There are different levels of complexity, but any option is better than doing nothing. Here’s what you can do:

  • Set up a classic time-based drip campaign in any email marketing tool of your choice, such as Mailchimp, ConvertKit, Drip, etc.
  • Send some automated emails yourself using SendGrid, SparkPost, or the likes.
  • Send behavior data to an email automation tool, and create a “smart” user onboarding campaign based on user behavior. You can use tools like Intercom, Userlist, or Customer.io for this.
  • Add in-app notifications or text messages, and leverage different channels within a single campaign. E.g. Intercom and Userlist allow in-app notifications, while Customer.io provides text messages.

Create other customer success touchpoints

While user onboarding is the most important part of the customer journey, efforts to scale customer success shouldn’t stop there. You can offer a variety of engagements throughout the customer lifecycle. 

We recommend to balance asking the user for favors vs offering them help. Counterintuitively, a favore done for you can also strengthen the bond between the customer and your product.

Things to ask for:

  • Feedback (free form or via surveys)
  • Referrals
  • Testimonials or G2/Capterra reviews

Things to offer:

  • Review calls or strategy calls
  • Advanced training resources or events
  • Affiliate partnership terms
  • Discounts
  • Swag or other gifts

Larger teams have dedicated customer success specialists who can offer these engagements manually.

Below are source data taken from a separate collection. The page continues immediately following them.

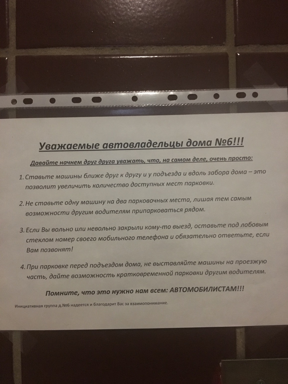 С парковкой жопа ("жопа есть, а слова нет?"). Такая же жопа, как и во всех московских дворах. Ютятся как могут, но не на тротуарах, на которых и столбиков то нет - видимо, обслуживающая компания совсем мух не ловит. Автовладельцы по непонятным причинам не паркуют свои автомобили бампером к подъезду, перед которым свободно приличной площади место. Я так предполагаю, место это для нескольких машин скорой помощи и, как минимум, для двух пожарных машин. И, да, 5 лет назад в доме был пожар, выгорело две квартиры. Спецтранспорт подъехать ближе, чем требовалось, не смог по понятным (?) причинам.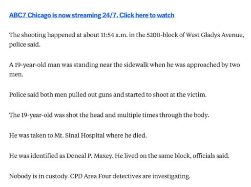 How about this shooting, captured on Facebook Live and viewed by millions in Chicago:
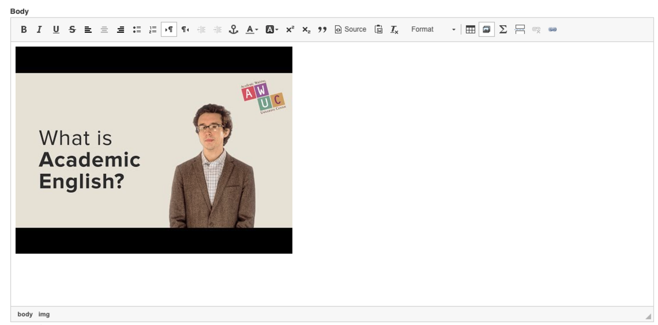 7. At the bottom of the content editor, click "Save" to apply the changes. Your video will now be embedded in your content.

At scale, you can use the same automation setup to initiate various interactions — including high-touch ones — throughout the customer lifecycle.

Closing word: start simple

There’s so much you can do for your SaaS customers and so little time. If we could give one piece of advice, it would be “start simple.”

It’s impossible to achieve a perfect setup from day one. The goal to scalable and constantly improve customer success for your SaaS is achieved in starting.

Execute first, optimize later. Good luck, and onwards!